The input START

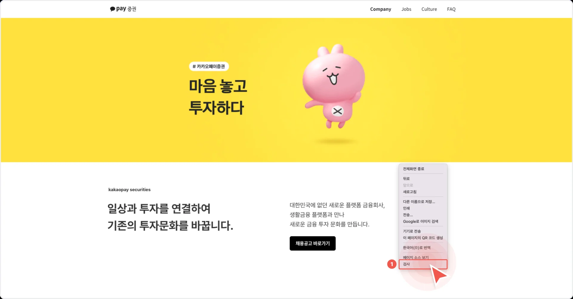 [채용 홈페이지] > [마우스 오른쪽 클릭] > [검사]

The input END
The input START

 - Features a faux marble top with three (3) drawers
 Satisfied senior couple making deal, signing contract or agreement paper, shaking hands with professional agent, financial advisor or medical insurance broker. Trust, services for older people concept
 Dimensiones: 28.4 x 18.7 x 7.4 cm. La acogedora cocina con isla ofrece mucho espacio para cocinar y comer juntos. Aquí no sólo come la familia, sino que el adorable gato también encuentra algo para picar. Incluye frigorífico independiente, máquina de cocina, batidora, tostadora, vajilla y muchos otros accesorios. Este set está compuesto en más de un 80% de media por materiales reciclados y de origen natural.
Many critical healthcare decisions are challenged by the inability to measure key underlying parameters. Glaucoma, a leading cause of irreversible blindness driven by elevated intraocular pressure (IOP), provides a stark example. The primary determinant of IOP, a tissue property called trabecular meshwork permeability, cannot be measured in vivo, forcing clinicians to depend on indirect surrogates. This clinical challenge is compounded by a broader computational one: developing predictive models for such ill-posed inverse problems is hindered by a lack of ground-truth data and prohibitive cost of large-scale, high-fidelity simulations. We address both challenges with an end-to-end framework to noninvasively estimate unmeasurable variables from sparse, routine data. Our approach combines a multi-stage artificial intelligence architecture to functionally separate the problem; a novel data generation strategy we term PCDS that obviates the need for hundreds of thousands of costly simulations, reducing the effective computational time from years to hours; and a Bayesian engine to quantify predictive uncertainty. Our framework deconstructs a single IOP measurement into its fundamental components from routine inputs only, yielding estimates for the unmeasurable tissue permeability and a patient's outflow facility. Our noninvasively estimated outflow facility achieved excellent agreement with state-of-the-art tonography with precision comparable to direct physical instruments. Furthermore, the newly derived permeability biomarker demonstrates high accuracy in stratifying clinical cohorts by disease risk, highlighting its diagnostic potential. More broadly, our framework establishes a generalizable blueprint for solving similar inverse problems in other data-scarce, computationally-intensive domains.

The input END

§ **Task statement**: Of the lines above, output exactly those from the line bearing "- Features a" through the line bearing "Satisfied senior couple", inclusive.

§ **Written solution**:
 - Features a faux marble top with three (3) drawers
 Satisfied senior couple making deal, signing contract or agreement paper, shaking hands with professional agent, financial advisor or medical insurance broker. Trust, services for older people concept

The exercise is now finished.